Changes in Whole-Plant Metabolism during the Grain-Filling Stage in Sorghum Grown under Elevated CO2 and Drought

Abstract

Projections indicate an elevation of the atmospheric CO2 concentration ([CO2]) concomitant with an intensification of drought for this century, increasing the challenges to food security. On the one hand, drought is a main environmental factor responsible for decreasing crop productivity and grain quality, especially when occurring during the grain-filling stage. On the other hand, elevated [CO2] is predicted to mitigate some of the negative effects of drought. Sorghum (Sorghum bicolor) is a C4 grass that has important economical and nutritional values in many parts of the world. Although the impact of elevated [CO2] and drought in photosynthesis and growth has been well documented for sorghum, the effects of the combination of these two environmental factors on plant metabolism have yet to be determined.

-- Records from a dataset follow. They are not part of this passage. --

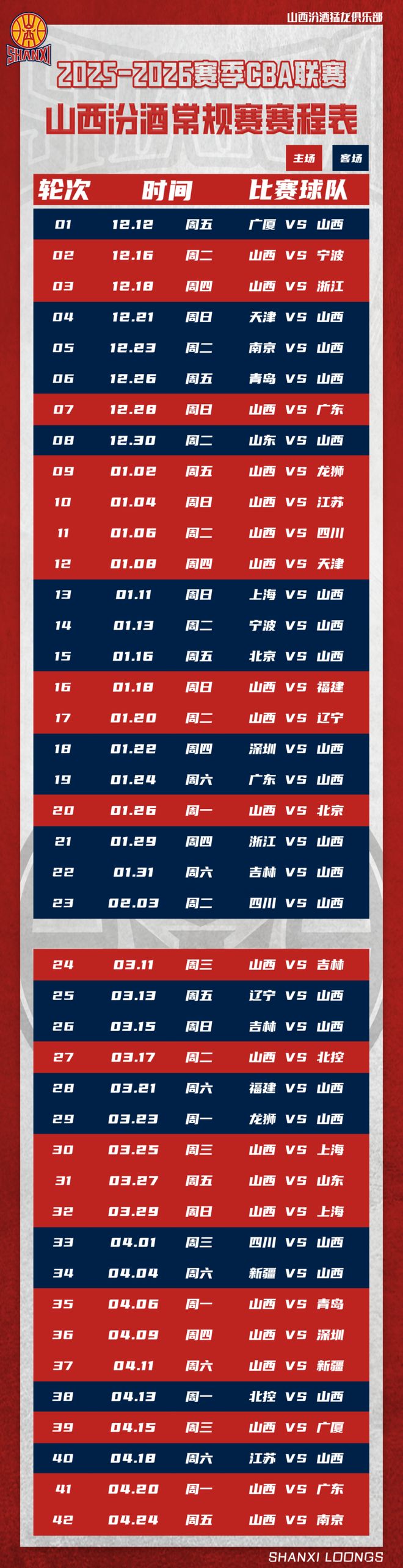 2025-2026赛季CBA联赛常规赛赛程正式公布。本赛季常规赛共42轮,12月12日,山西汾酒男篮迎来新赛季揭幕战,客场挑战浙江广厦。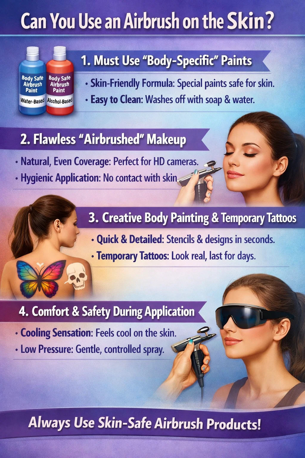 Att använda en airbrush på huden uppnår inte bara en detaljnivå oöverträffad med handapplicering, utan skapar också otroligt realistiska visuella effekter. Men eftersom huden är en del av människokroppen finns det några mycket viktiga överväganden: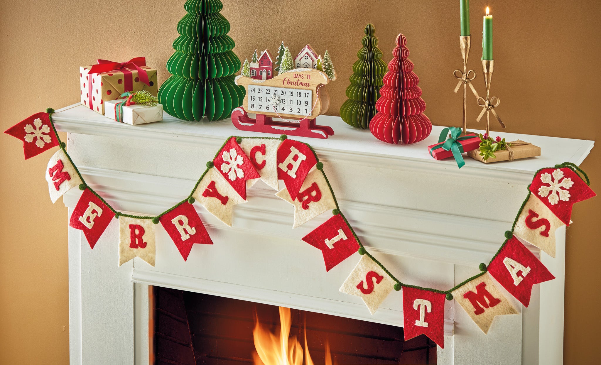 Merry Christmas felt garland spells out a message with snowflakes for cheerful hanging decor and instantly dresses up mirrors mantels and entryways. Hand painted details add warmth while its versatile design makes styling simple. Sized for layered displays and pairs beautifully with seasonal greenery and décor. View all items in Wonderful Christmastime.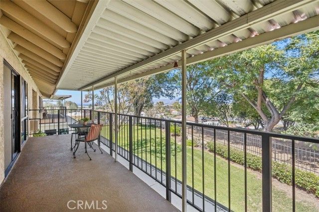 PANORAMIC TREETOP AND MOUNTAIN VIEWS. This popular "CASA VISTA" model has NO STAIRS, no one above, and an end location, which features in-unit laundry and is situated above an expansive greenbelt with beautiful open views from the balcony. The model offers the relaxed indoor-outdoor lifestyle that many buyers seek in Laguna Woods. The sliding glass doors in the living room open to an extra-long covered balcony, perfect for morning coffee, afternoon reading, and barbecuing while you enjoy the scenery. Also, a fantastic location between gates 7 and 8. The kitchen offers abundant cabinetry, solid custom surface counters, a breakfast and serving bar, and a full suite of appliances, including a cooktop, wall oven, microwave, dishwasher, and a side-by-side refrigerator. Both bedrooms are generous. The primary suite features a large walk-in closet and an ensuite bath. The guest bedroom opens directly to the balcony, offering views and fresh breezes, along with natural light. The hall bath features a convenient step-in shower and a stacked washer and dryer, a coveted feature in this community. Added comforts include multiple ceiling fans, wall AC units, neutral finishes, and excellent storage. This is an all-around wonderful home in every way possible! Add all this to the amenities offered by Laguna Woods Village. You have a winning combination -- 27-hole championship golf courses or the 9-hole executive par three courses, tennis, paddle tennis, lawn bowling, two fitness centers, seven clubhouses, five swimming pools, an equestrian center, gardening opportunities, an art studio, a world-class woodshop, over 200 clubs and organizations ensure you will never get bored here! Plus, free bus transportation around the community, nearby shopping, and bus trips. Also, there is a very economical RV storage area to park your RV. Country Club Living is at its BEST and just approximately 6 miles from beautiful Laguna Beach! Discover the best-kept secret in Orange County. Your dream lifestyle awaits—do not miss this rare opportunity! "SEE VIRTUAL VIDEO" and 3D TOUR"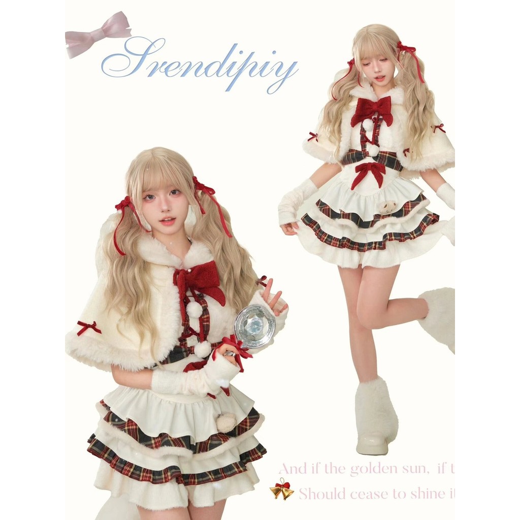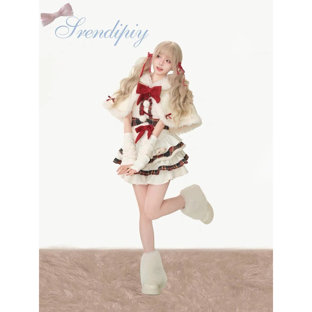 โลลิต้าสาวน่ารักฤดูหนาวคริสต์มาสและปีใหม่เสื้อคลุมขนสัตว์ออกแบบกระโปรงตูตูชุดกระโปรงเค้ก
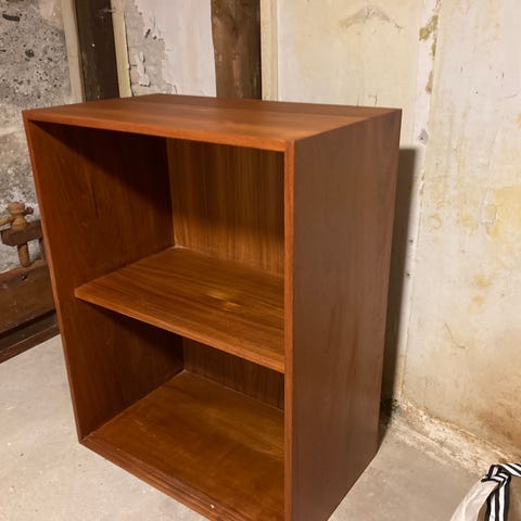 Reol / bogkasse / bogreol i teaktræ / teak. Flytbar hylde. Står flot med naturlig brugsspor og patina.

To address this question, sorghum plants (cv BRS 330) were grown and monitored at ambient (400 µmol mol(-1)) or elevated (800 µmol mol(-1)) [CO2] for 120 d and subjected to drought during the grain-filling stage. Leaf photosynthesis, respiration, and stomatal conductance were measured at 90 and 120 d after planting, and plant organs (leaves, culm, roots, prop roots, and grains) were harvested. Finally, biochemical composition and intracellular metabolites were assessed for each organ. As expected, elevated [CO2] reduced the stomatal conductance, which preserved soil moisture and plant fitness under drought. Interestingly, the whole-plant metabolism was adjusted and protein content in grains was improved by 60% in sorghum grown under elevated [CO2].

Figure 1.

A, OTCs used during the experiment to grow sorghum ‘BRS 330’ at ambient and elevated CO₂. B, Experimental design.

Figure 2.

Soil moisture (cm³ water cm⁻³ soil) during the experiment with sorghum ‘BRS 330’ at ambient and elevated CO₂. n = 8. Water deficit treatment started at 60 d after planting (DAP). From 90 to 93 DAP, soil moisture sensors from pots at elevated CO₂ did not log the data (gray dashed line).

Figure 3.

Light-saturated rate of leaf photosynthesis (A; A), Stomatal conductance (g_s; B), and dark leaf respiration (Rd; C) of the youngest fully expanded leaf of sorghum ‘BRS 330’ at ambient and elevated CO₂ at 90 and 120 DAP. Bars represent means ± sd of biological replicates. n = 3. The asterisk indicates significantly statistical differences between treatments (P < 0.05).

Figure 4.

Plant height without panicle (A) and panicle size (B) of sorghum ‘BRS 330’ at ambient and elevated CO₂ during the experiment. Data points are means ± sd of biological replicates. n = 3. Asterisks indicate significant statistical differences between treatments (P < 0.05).

Figure 5.

PCA of the metabolites identified by LC-MS/MS of sorghum ‘BRS 330’ at ambient (open symbols) and elevated (closed symbols) CO₂ at 90 DAP (squares) and 120 DAP (circles). P values indicate significant statistical differences of the PCs.

Figure 6.

PCA of the metabolites identified by LC-MS/MS of leaves, culm, roots, prop roots, and grains of sorghum ‘BRS 330’ at ambient and elevated CO₂ at 90 and 120 DAP. P < 0.05 indicates significant statistical differences of the PCs.

Figure 7.

Heat maps showing the variation in the amount of metabolites in sorghum ‘BRS 330’ grown under ambient and elevated [CO₂] at 90 and 120 DAP in leaves (A), culm (B), roots (C), prop roots (D), and grains (E). 2/3PGA, 2- or 3-phosphoglycerate; 6PG, 6-phosphogluconate; AKG, α-ketoglutarate; cis-aco, cis-aconitate; Deoxyxyl5P, deoxyxylulose-5-phosphate; E4P, erythrose-4-phosphate; F1,6bP, Fru-1,6-bisP; Fru6P, Fru-6-P; GABA, γ-aminobutyric acid; Gal1p, Gal-1-P; Glc6P, Glc-6-P; GlycerolP, glycerol-3-phosphate; Man6P, Man-6-P; Man/Gal-ol, mannitol or galactitol; Man/Glc1P, Man- or Glc-1-P; OHPro, Hyp; Pentoses P, pentose-phosphates; PEP, phosphoenolpyruvate; Ribul1,5bP, ribulose-1,5-bisphosphate; S7P, sedoheptulose-7-phosphate; Suc6P, Suc-6-P; trans-aco, trans-aconitate; Tre6P, trehalose-6-phosphate.